__WHAT IS EXPECTED__.
Restate the listing below word for word, pictures excluded.

__DATA EXTRACT__.
------------------------------------------------------------------------

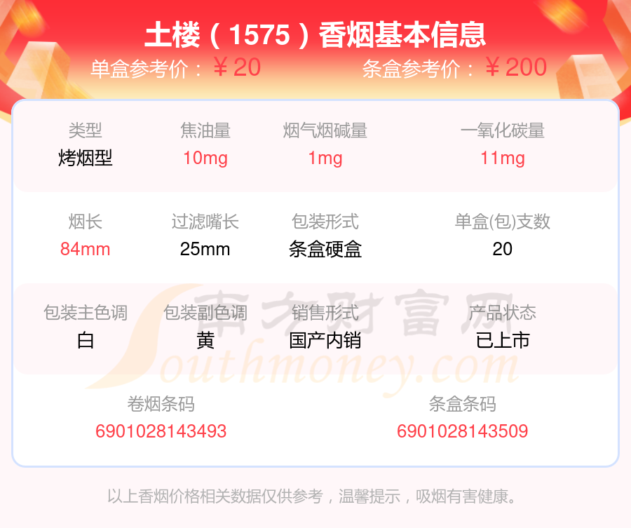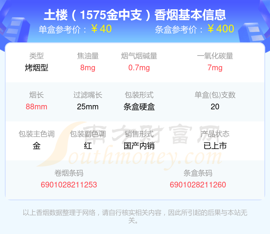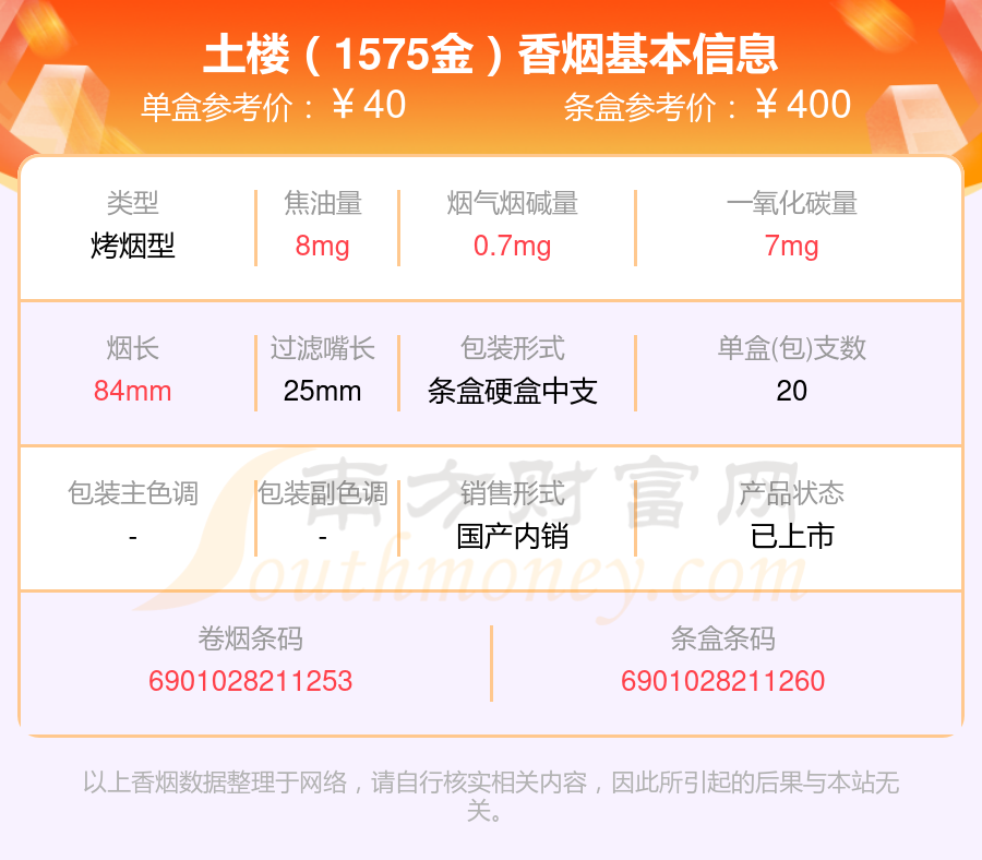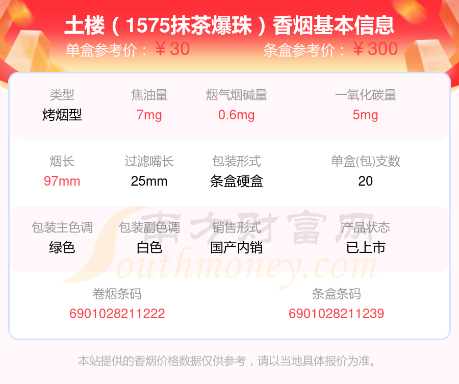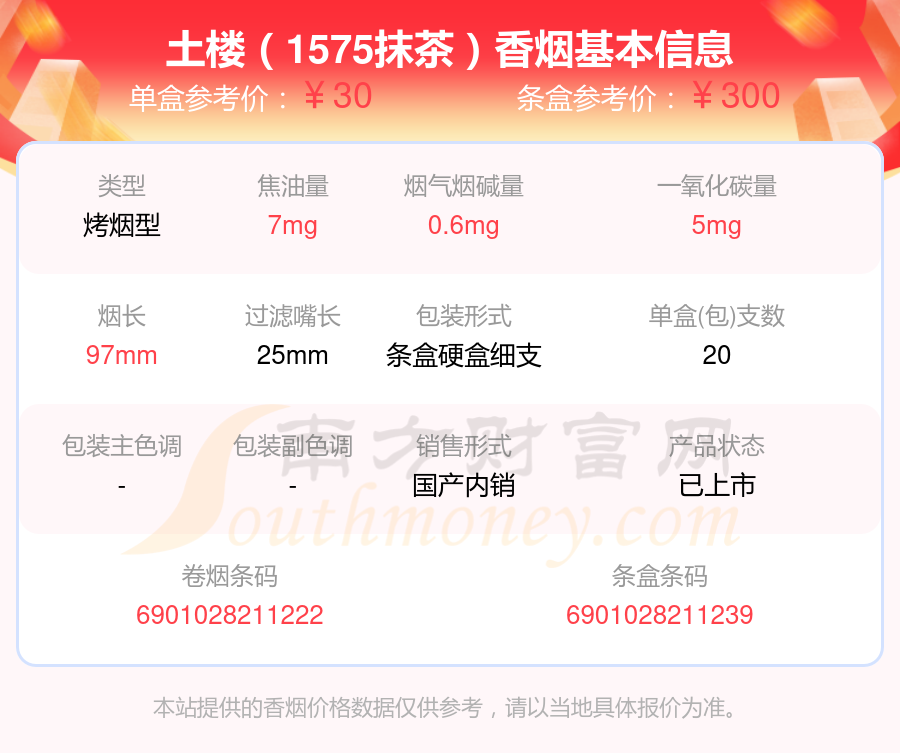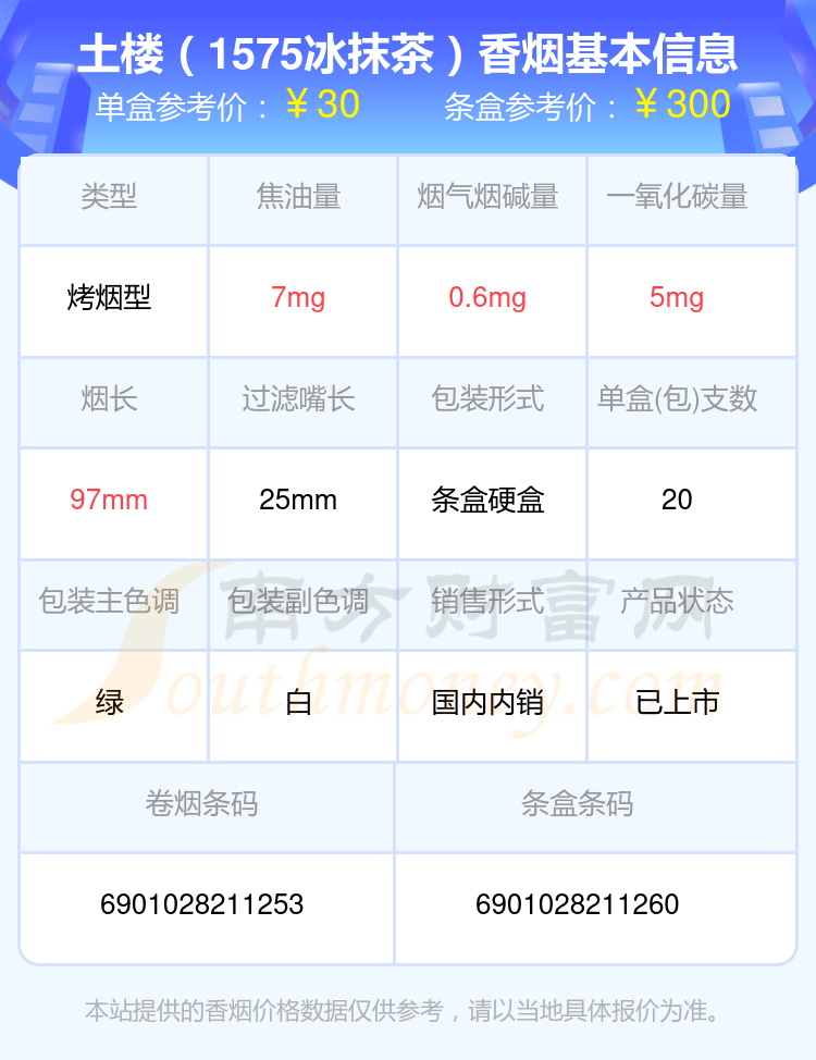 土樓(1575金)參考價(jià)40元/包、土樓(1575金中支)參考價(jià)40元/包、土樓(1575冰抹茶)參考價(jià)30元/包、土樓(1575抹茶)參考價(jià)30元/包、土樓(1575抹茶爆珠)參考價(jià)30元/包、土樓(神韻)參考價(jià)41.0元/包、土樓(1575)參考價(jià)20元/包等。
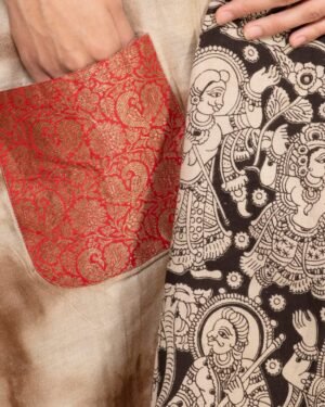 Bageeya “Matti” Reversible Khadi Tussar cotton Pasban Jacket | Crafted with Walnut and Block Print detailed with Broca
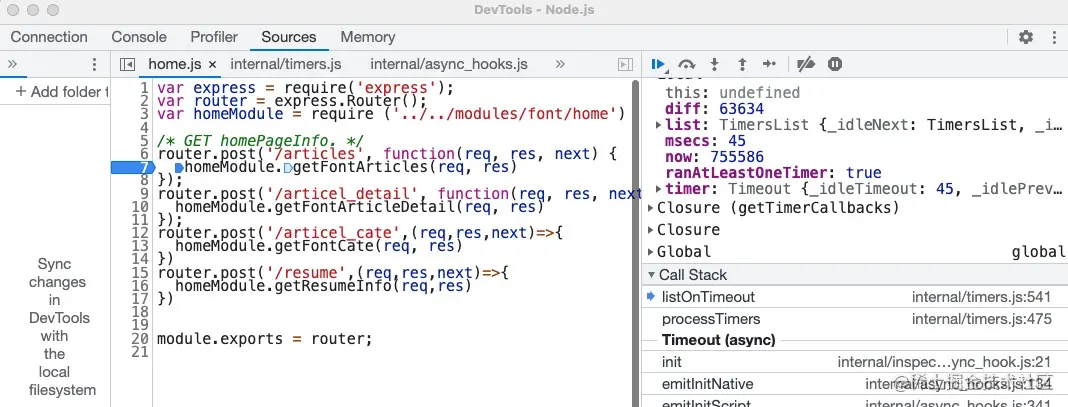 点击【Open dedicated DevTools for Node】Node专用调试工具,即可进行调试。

------------------------------------------------------------------------

__FINAL ANSWER__.
 土樓(1575金)參考價(jià)40元/包、土樓(1575金中支)參考價(jià)40元/包、土樓(1575冰抹茶)參考價(jià)30元/包、土樓(1575抹茶)參考價(jià)30元/包、土樓(1575抹茶爆珠)參考價(jià)30元/包、土樓(神韻)參考價(jià)41.0元/包、土樓(1575)參考價(jià)20元/包等。
 Bageeya “Matti” Reversible Khadi Tussar cotton Pasban Jacket | Crafted with Walnut and Block Print detailed with Broca
 点击【Open dedicated DevTools for Node】Node专用调试工具,即可进行调试。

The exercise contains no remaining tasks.